A Bayesian analysis of human decision-making on bandit problems

https://doi.org/10.1016/j.jmp.2008.11.002Get rights and content

Abstract

The bandit problem is a dynamic decision-making task that is simply described, well-suited to controlled laboratory study, and representative of a broad class of real-world problems. In bandit problems, people must choose between a set of alternatives, each with different unknown reward rates, to maximize the total reward they receive over a fixed number of trials. A key feature of the task is that it challenges people to balance the exploration of unfamiliar choices with the exploitation of familiar ones. We use a Bayesian model of optimal decision-making on the task, in which how people balance exploration with exploitation depends on their assumptions about the distribution of reward rates. We also use Bayesian model selection measures that assess how well people adhere to an optimal decision process, compared to simpler heuristic decision strategies. Using these models, we make inferences about the decision-making of 451 participants who completed a set of bandit problems, and relate various measures of their performance to other psychological variables, including psychometric assessments of cognitive abilities and personality traits. We find clear evidence of individual differences in the way the participants made decisions on the bandit problems, and some interesting correlations with measures of general intelligence.

Introduction

Imagine you are staying in an unfamiliar city for a few weeks, and are consigned to eat alone each evening. There are a number of Chinese restaurants, all with essentially the same menu, and all within a short walk of your hotel. Each menu is cheap enough (or your expense account is large enough) that whether the meal is ‘good’ or ‘bad’ acts as the sole criterion for choosing one restaurant over the other.
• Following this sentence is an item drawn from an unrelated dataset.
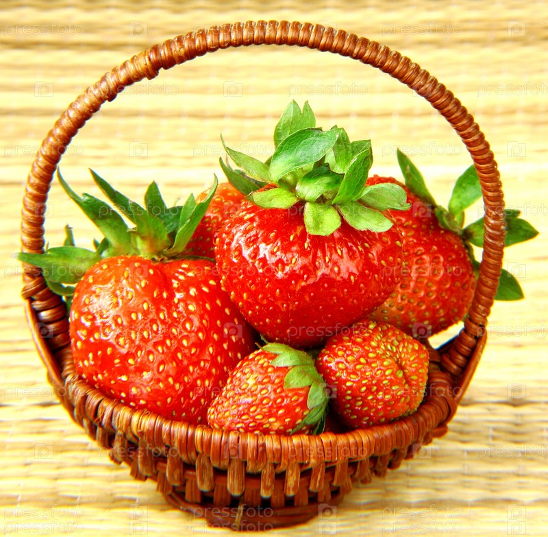 Клубника в небольшой бамбуковой корзине в солнечном свете

Over the course of your stay, a natural dining goal would be to maximize the number of good meals. In the first few days, pursuing this goal might involve trying a number of the restaurants. If the meal on the first night was bad, it seems unlikely you would re-visit that restaurant on the second night.
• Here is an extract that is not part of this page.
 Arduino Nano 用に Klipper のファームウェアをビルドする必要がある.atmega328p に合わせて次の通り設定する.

Towards the end of your stay, however, it becomes increasingly likely you will visit the same reasonably good restaurant repeatedly, even if it does not produce good meals every night. There is less incentive to explore options about which you are less certain, and more incentive to exploit options which are reasonably good, and about which you are more certain. Because of the limited nature of your stay, how you search the environment of restaurants is likely to move from an initial exploration phase to a mature exploitation phase.

Another source of information that will affect your decision-making is any potential knowledge you have about the quality of Chinese restaurants in the city. If the city has a reputation for having many excellent Chinese restaurants, then a smaller number of bad meals will encourage the trying of alternatives. On the other hand, if you believe the city does not have many good Chinese restaurants, a relatively modest success rate at one place might encourage repeat dining.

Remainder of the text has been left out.